▶ [TASK TO COMPLETE]
Take the listing below and write it out again exactly, skipping any picture that it holds.

▶ [STORED DATA]
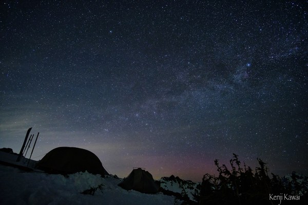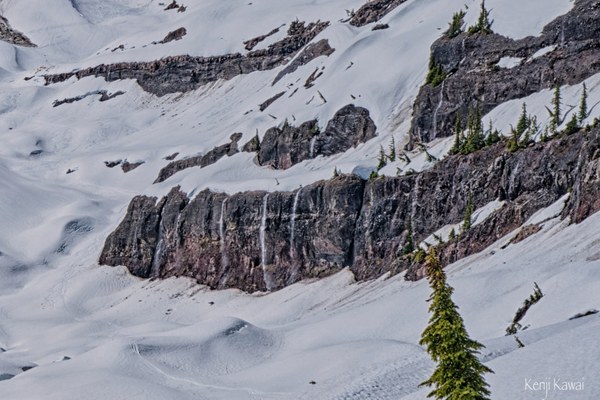 Thanks to Carl Marrs for this amazing photo of the upper 2/3 of our 7500ft (!) ski descent, and Kenji Kawai for the real artist photos (labeled with his name).
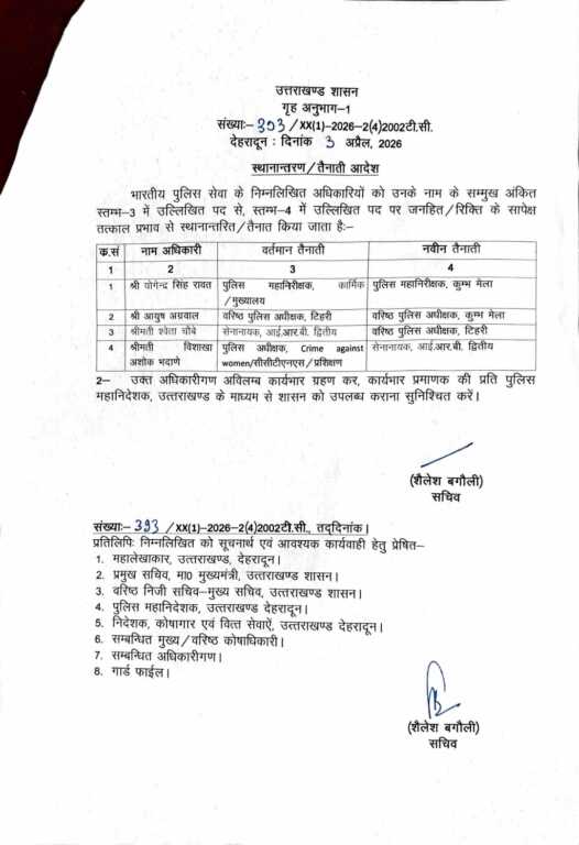 वहीं कुंभ मेला व्यवस्था को मजबूत करने के लिए योगेंद्र सिंह रावत को आईजी कुंभ की जिम्मेदारी दी गई है। रावत इससे पहले हरिद्वार में एसएसपी रह चुके हैं और कुंभ जैसे बड़े आयोजन का अनुभव भी रखते हैं, जिससे उनकी नियुक्ति को बेहद अहम माना जा रहा है।
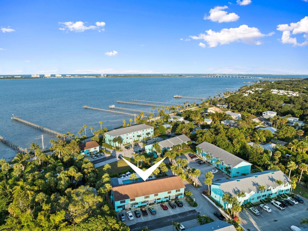 Relaxed, coastal living awaits you at this beautiful Indian River Landing townhome. Prime location near beaches and downtown Jensen Beach and just a short, scenic drive to downtown Ft. Pierce. This updated and inviting CBS townhome features 2 BR/2.5 baths, and views of the river and pool from the lanai and master bedroom. The well-maintained and updated interior gives cozy and inviting vibes- updated kitchen with Corian counters, vinyl plank flooring throughout the downstairs, new lighting, built-in bookshelves, fresh paint, under-stair storage, newer stackable washer/dryer upstairs, updated bathrooms, & plush carpeting upstairs. Enjoy sunrises or evening cocktails from the community beach and fishing pier, offering breathtaking views of the Indian River Lagoon!
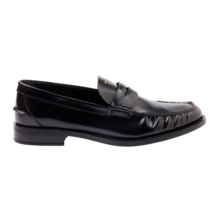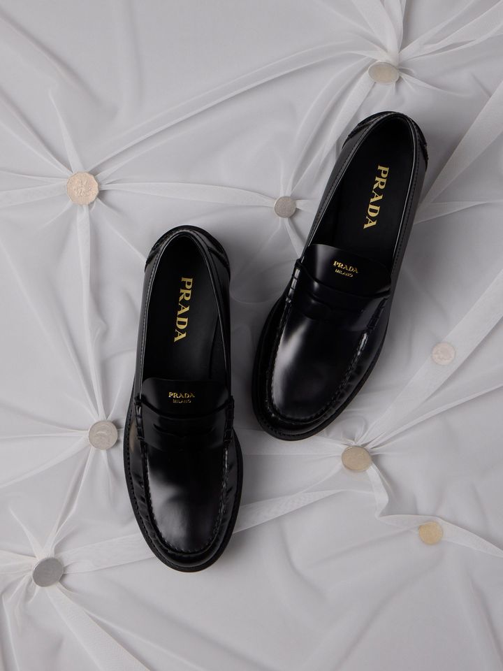 プラダの黒ローファーは、タイムレスなシルエット美が特徴。ランウェイにも登場した王道の1足は、タンにプリントしたさりげないゴールドロゴがポイントだ。
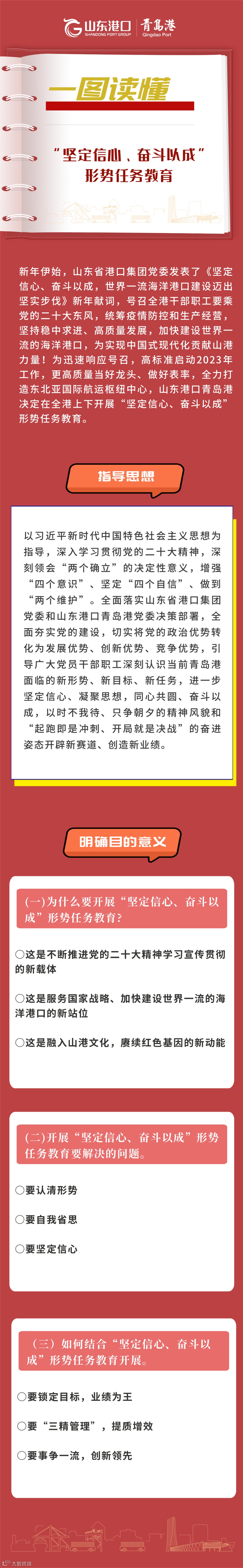 通过此次形势任务教育,我为自己在毕业后就成为了一名山东港口职工而感到荣幸和自豪。2023年是全面贯彻落实党的二十大精神的开局之年,新的历史节点上,我将不懈奋斗,做到理论与实践结合、创新与实干相促进,干出自己的优异成绩。

▶ [ANSWER BOX]
 Thanks to Carl Marrs for this amazing photo of the upper 2/3 of our 7500ft (!) ski descent, and Kenji Kawai for the real artist photos (labeled with his name).
 वहीं कुंभ मेला व्यवस्था को मजबूत करने के लिए योगेंद्र सिंह रावत को आईजी कुंभ की जिम्मेदारी दी गई है। रावत इससे पहले हरिद्वार में एसएसपी रह चुके हैं और कुंभ जैसे बड़े आयोजन का अनुभव भी रखते हैं, जिससे उनकी नियुक्ति को बेहद अहम माना जा रहा है।
 Relaxed, coastal living awaits you at this beautiful Indian River Landing townhome. Prime location near beaches and downtown Jensen Beach and just a short, scenic drive to downtown Ft. Pierce. This updated and inviting CBS townhome features 2 BR/2.5 baths, and views of the river and pool from the lanai and master bedroom. The well-maintained and updated interior gives cozy and inviting vibes- updated kitchen with Corian counters, vinyl plank flooring throughout the downstairs, new lighting, built-in bookshelves, fresh paint, under-stair storage, newer stackable washer/dryer upstairs, updated bathrooms, & plush carpeting upstairs. Enjoy sunrises or evening cocktails from the community beach and fishing pier, offering breathtaking views of the Indian River Lagoon!
 プラダの黒ローファーは、タイムレスなシルエット美が特徴。ランウェイにも登場した王道の1足は、タンにプリントしたさりげないゴールドロゴがポイントだ。
 通过此次形势任务教育,我为自己在毕业后就成为了一名山东港口职工而感到荣幸和自豪。2023年是全面贯彻落实党的二十大精神的开局之年,新的历史节点上,我将不懈奋斗,做到理论与实践结合、创新与实干相促进,干出自己的优异成绩。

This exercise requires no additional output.